Ahora estoy llena de dudas


----------



## chifrew

¿Qué os parece "Mal asunto eso de la venganza"?

Joupitjelps


----------



## Kong Ze

En español es más o menos frecuente oír:

La venganza es un arma de doble filo
La venganza es mala consejera

Pero ambas frases se refieren a que la revancha o el desquite pueden tener consecuencias negativas para el que decide vengarse (en realidad, que la venganza haga sufrir al que ha iniciado el conflicto es algo implícito).

Opción más ambigua y vulgar, que puede ser más adecuada para traducir "Payback is a bitch":
La venganza es una jodienda.


----------



## Sofia29

Es como un "el que ríe último, ríe mejor" aplicado a la venganza...


----------



## enrique muriel fernandez

*He venido a este foro como consecuencia de que un alumno mío me preguntó por la traducción de la ya citada frase. Me dijo que la había visto escrita en un rótulo colocado en algún lugar de un portaaviones norteamericano.

*En la Milicia no se suele inducir a sus componentes al uso de la 'venganza', puesto que, intrínsicamente, es rechazable. 

*Los militares se limitan a cumplir con la misión encomendada. Es decir, se cultiva el espíritu para que actúe siempre basándose en sentimientos nobles.
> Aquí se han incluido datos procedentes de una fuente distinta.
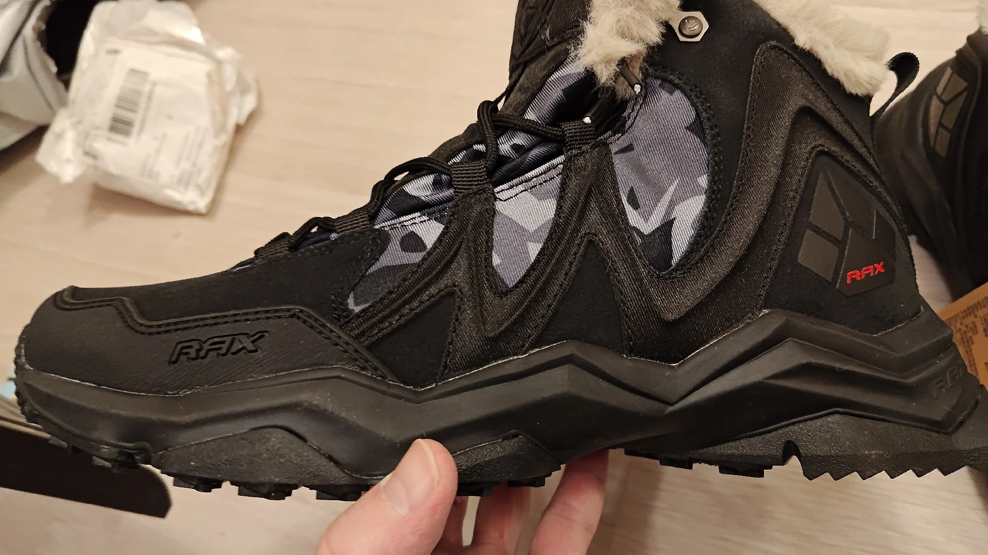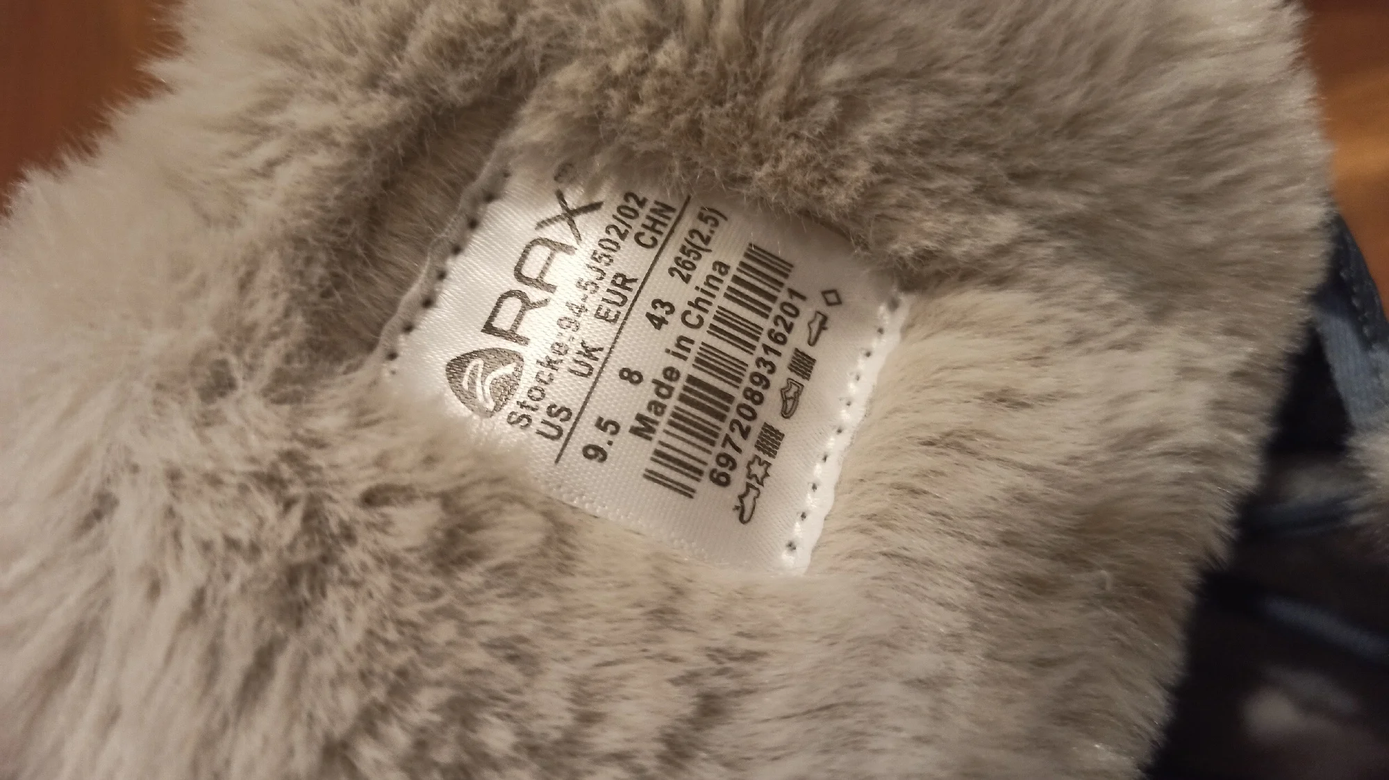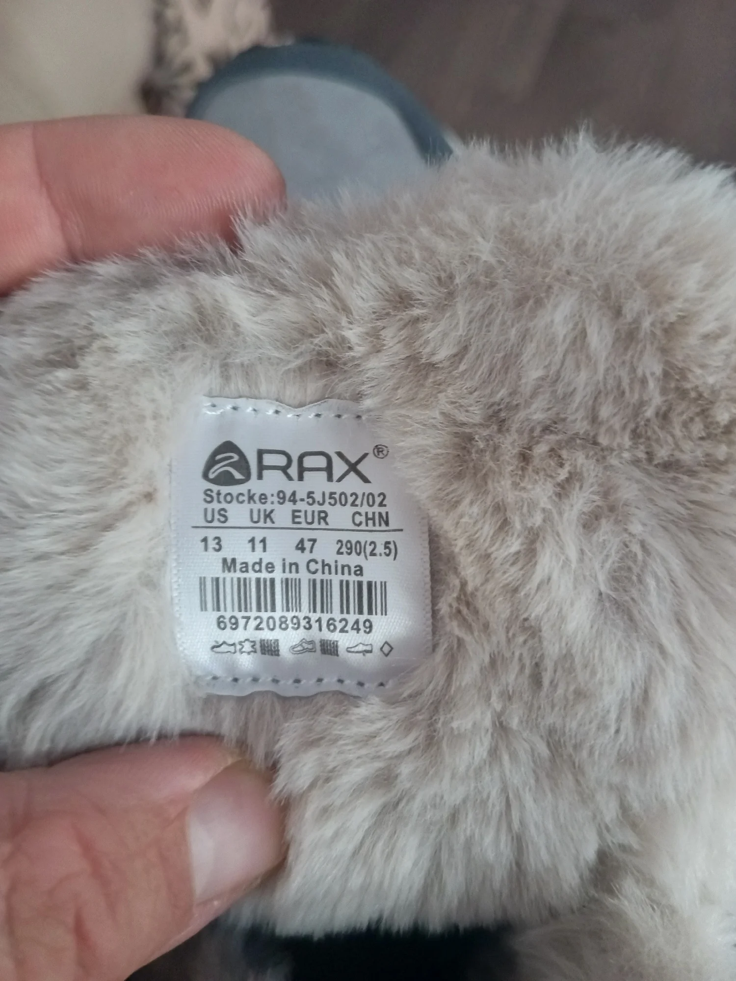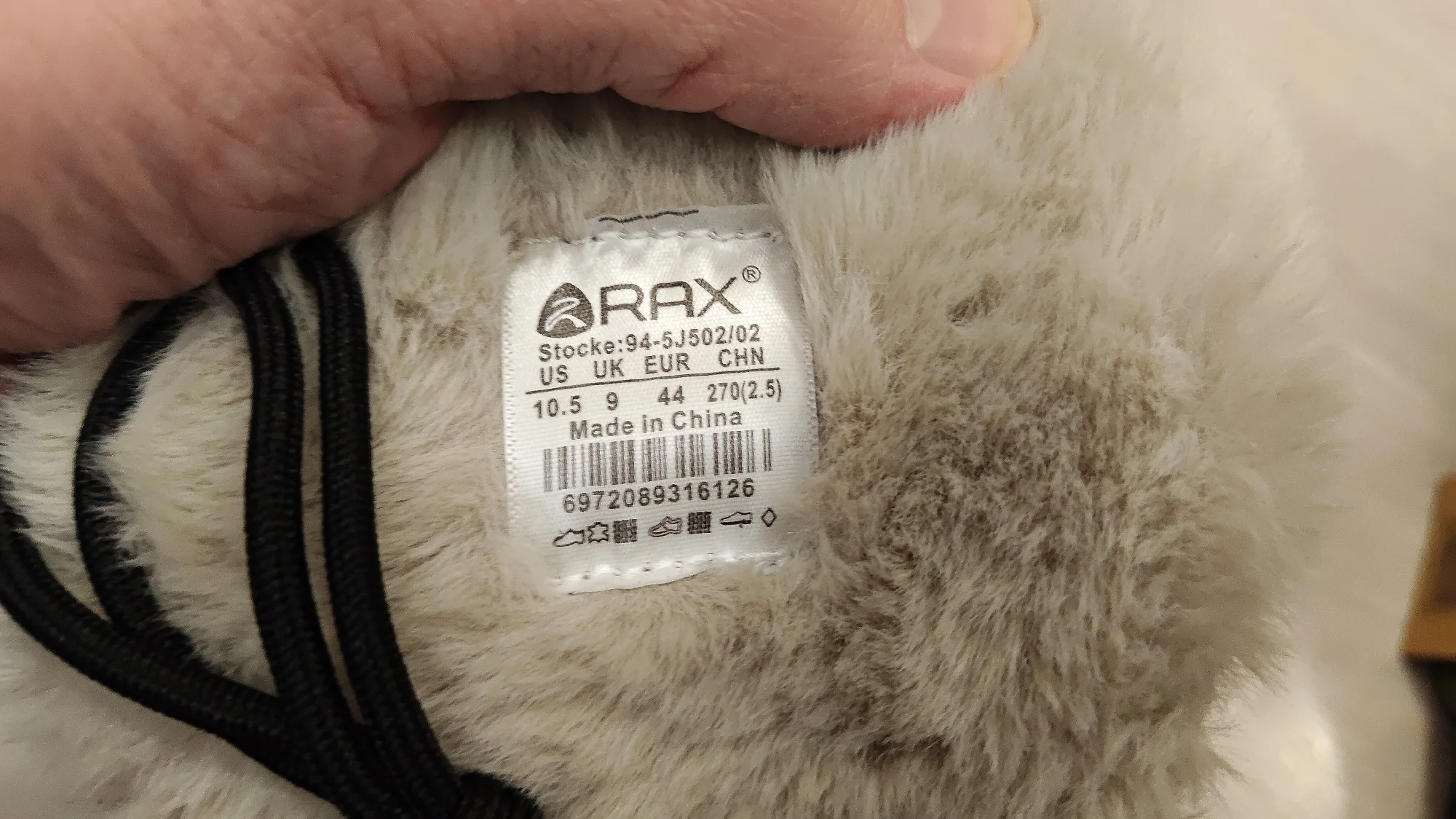 Признаться честно, я первый раз покупаю для себя RAX но много наслышан об этом бренде. И у друга есть летние кросовки RAX он очень доволен. Вот и я захотел стать доволным, и заказал себе обувь на зиму. 18 ноября заказал 25 получил, просто прекрасно. Когда распокавал два фирминых пакета и увидел обувь, сразу же промелькнуло в голове что они классные, и я не ошибся, мех очень мягкий, нежный такой, сами кросовки очень лёгкие, и ноге в них приятно. По квартире походил всё нравится, на улице ходить ещё жарко, думаю тепые будут. Нога у меня 27 см брал 43, и не прогодал, но я ношу зимнию обувь на летний носок, и мне кросовки почти в притык, но не жмут. Для тех кто на шерстяной носок носит, лучше взять на размер болше.

Por eso, el contexto en el que yo he propuesto mi traducción ("La Venganza es como un Boomerang") se ciñe exclusivamente a lo que se hace en la Milicia, que es el sentido del rótulo a que antes hacía alusión.

*Para otros, la frase tendrá diferentes sentidos y traducciones, según el contexto para el que se aplique.


----------



## Lilith1981

Creo que la traducción más exacta, y siendo fiel al sentido original, sería "la venganza es una putada" (usando putada en el mismo sentido de algo que hace una ramera o puta, para ser lo más equivalente posible a "bitch").


----------



## meeshy

in this sense, "bitch" means something which is unpleasant, difficult, terrible, etc.
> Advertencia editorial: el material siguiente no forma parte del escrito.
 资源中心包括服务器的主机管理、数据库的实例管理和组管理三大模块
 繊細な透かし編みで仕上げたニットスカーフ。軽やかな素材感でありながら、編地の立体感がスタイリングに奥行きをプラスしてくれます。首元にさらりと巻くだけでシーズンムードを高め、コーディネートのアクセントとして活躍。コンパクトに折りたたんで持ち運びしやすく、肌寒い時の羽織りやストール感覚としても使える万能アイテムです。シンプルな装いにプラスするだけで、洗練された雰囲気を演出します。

other american expressions with "bitch" used in the same sense:

"it's a bitch, ain't it?"
"life's a bitch"
"life's a bitch and then you die"
"life's a bitch and then you -insert whatever activity you love to do- and then you die"  (for example:  "life's a bitch and then you ski and then you die")
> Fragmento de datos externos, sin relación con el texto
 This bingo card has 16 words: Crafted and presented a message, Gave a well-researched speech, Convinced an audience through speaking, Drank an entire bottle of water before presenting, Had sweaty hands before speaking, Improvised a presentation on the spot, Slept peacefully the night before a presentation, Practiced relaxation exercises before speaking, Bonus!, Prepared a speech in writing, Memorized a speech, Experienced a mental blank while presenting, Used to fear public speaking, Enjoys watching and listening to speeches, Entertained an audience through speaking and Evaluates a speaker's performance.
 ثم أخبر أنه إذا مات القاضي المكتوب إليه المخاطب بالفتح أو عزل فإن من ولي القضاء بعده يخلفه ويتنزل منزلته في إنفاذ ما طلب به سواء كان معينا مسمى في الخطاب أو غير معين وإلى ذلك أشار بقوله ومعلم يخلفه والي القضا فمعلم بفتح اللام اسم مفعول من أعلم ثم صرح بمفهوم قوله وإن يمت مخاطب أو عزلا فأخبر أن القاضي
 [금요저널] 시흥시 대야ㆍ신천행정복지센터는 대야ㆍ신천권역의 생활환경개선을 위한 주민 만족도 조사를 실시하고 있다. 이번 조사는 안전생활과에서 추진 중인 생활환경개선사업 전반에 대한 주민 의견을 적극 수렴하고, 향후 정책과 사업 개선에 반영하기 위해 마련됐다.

when you say "payback's a bitch" it is directed to the one receiving the retribution, not the one giving it.  the expression would tend to be used in a circumstance when somebody uses you or mistreats you in some way, and you make retribution against the person.  the person is invariably incredulous about the retribution and then you say to them, "payback's a bitch, ain't it?"

just one of those many many silly american expressions.... but at least it doesn't involve the word "up".  lol.

saludos,
meeshy


----------



## Toyita

En un programa de TV de Estados Unidos, unas chicas se vengaban de un chico dandole comida de perro, al finalizar una de las chicas dijo : "Payback is the bitch!" y lo tradujeron al español en los subtitulos como "_*La venganza es lo mejor*_!". 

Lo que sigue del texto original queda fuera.